Una pirotecnica favola d'autore.

"L'amore delle tre melarance" di Sanguineti (dalla fiaba di Carlo Gozzi) al Teatro Stabile. Tutti sopra le righe gli interpreti. Lello Arena nei panni di un Tartaglia rasceliano...

Sottrarsi alle “commedie che
puzzano di muffa”, compiacere il pubblico gentile, rilanciare il genere
asfittico della commedia e giustificare la nuova che si sta per mettere in
scena. Così il “nunzio” esordisce sul vuoto nero del Teatro Verga prima che
“L’amore delle tre melarance” esploda nel suo pirotecnico fulgore di
“favola fanciullesca”. Questo allestimento dello Stabile del Veneto e del
Teatro di Genova è la riproposizione del celeberrimo canovaccio fiabesco di
Carlo Gozzi che la penna caustica di Edoardo Sanguineti ripropone, in versi
“martelliani”, sotto la forma del “travestimento”. Anzi di vero e
proprio travisamento nel senso del parodico e del grottesco che continuano ad
essere le cifre stilistiche più significative del poeta genovese. La
ri-scrittura di Sanguineti, attraverso “una
lucidità - a suo stesso dire - iperartificiosa e superconvenuta e una
incontrollata e immediata spontaneità verbale”
avviluppa
infatti fiaba e vis polemica, in ottave a rima alternata, in stanze a rima
baciata o in esilaranti filastrocche
(fino ai sospirati endecasillabi
sciolti finali), attualizzando senza cadere nel tranello del cabaret televisivo,
alludendo senza essere laido e additando senza sottintesi ad una dimensione
materiale e globalizzata (le televendite e i consigli per gli acquisti) ed
insieme eroti-comica (gli pseudo-intellettuali e le divette civette) forse la più
autentica e psicologicamente moderna.  Insomma
attraverso una operazione linguistica – chè in questo consiste la forza
straordinaria della rappresentazione – “L’amore delle tre melarance”
riesce pure a sincronizzare la diacronia del teatro, delle sue forme storiche,
della sua stessa espressione: e la rappresentazione diviene anche il suo stesso
smascheramento, la sua autocoscienza di “finzione” (e la scena è una wundercammer
di cartapesta) attraverso il rispetto della fabula aristotelica: peripezia,
riconoscimento, lieto fine.
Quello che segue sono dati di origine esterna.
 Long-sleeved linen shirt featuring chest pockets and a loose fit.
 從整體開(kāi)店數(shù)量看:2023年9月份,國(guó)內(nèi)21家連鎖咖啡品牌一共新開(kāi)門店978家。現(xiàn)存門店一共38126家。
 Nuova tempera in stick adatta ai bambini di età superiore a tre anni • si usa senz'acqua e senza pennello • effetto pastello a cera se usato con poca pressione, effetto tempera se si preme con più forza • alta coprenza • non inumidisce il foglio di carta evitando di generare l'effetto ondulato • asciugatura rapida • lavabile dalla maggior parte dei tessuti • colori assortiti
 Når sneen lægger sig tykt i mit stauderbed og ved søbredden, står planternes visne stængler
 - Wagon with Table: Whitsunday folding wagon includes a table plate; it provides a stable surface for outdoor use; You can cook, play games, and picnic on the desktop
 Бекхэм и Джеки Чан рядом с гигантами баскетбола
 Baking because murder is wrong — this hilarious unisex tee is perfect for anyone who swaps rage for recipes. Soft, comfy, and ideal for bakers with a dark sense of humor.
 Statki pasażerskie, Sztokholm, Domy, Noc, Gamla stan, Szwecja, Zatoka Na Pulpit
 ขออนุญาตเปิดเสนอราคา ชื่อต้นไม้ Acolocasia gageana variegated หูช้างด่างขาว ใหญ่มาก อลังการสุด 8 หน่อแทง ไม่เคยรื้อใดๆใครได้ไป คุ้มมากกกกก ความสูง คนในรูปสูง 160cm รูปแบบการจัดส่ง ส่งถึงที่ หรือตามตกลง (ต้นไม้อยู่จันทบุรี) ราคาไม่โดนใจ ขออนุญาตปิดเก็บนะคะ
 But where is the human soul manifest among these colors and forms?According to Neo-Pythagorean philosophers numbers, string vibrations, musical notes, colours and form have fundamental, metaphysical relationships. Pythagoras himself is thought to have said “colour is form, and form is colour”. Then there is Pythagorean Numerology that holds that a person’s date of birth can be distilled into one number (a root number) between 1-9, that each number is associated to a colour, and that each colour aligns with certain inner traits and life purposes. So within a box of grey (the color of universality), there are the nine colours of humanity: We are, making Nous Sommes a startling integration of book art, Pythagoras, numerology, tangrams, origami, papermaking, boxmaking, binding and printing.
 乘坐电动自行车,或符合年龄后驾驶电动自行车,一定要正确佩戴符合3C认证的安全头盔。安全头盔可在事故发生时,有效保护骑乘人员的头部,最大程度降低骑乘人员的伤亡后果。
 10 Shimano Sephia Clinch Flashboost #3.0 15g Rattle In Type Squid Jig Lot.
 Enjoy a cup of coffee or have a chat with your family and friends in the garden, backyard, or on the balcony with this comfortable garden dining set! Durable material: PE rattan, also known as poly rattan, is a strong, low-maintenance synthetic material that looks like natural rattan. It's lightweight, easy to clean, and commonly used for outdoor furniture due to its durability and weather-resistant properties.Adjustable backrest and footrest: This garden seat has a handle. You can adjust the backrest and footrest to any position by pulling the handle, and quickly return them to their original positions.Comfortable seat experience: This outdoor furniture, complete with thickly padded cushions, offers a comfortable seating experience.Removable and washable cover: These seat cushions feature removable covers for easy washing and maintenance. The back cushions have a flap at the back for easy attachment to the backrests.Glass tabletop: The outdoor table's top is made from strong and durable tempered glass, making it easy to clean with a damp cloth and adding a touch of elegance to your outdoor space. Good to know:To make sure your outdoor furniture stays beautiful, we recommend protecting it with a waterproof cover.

La rivoluzione delle parole e delle forme - dal
Gozzi purista e classicista al caos sanguinetiano fino alla regia magnifica di
Besson - dà spessore ad una pantomima di ascendenza folenghiana in cui i
costumi di Ezio Toffolutti nella loro coloratissima semplicità ricordano le
figure animate di Lele Luzzati, un mazzo
di carte o i moderni miti manga, anche con le loro
maschere
grottescamente impersonali; nell’espressione, poi, addirittura Sergio Tofano,
magari attraverso l’iperbolica ipocondria del protagonista Tartaglia
(un Lello Arena perfetto e rasceliano)
, in perenne depressione, per cui
“se parla Buttiglione/ se lo crede un Tommaso, un Hegel, un Platone./Se legge
la Tamaro, diventa un funerale,/se appare Emilio Fede, non ghigna, anzi sta
male.” Accanto lui un cast, (tra cui segnaliamo “Re Silvio” Paolo Serra)
assolutamente sopra le righe per tutta la durata di questo “atto unico”. Non
ci è sembrato però che gli applausi fossero poi tanto convinti: che la platea
catanese preferisca il narcotizzante show del Bagaglino catodico?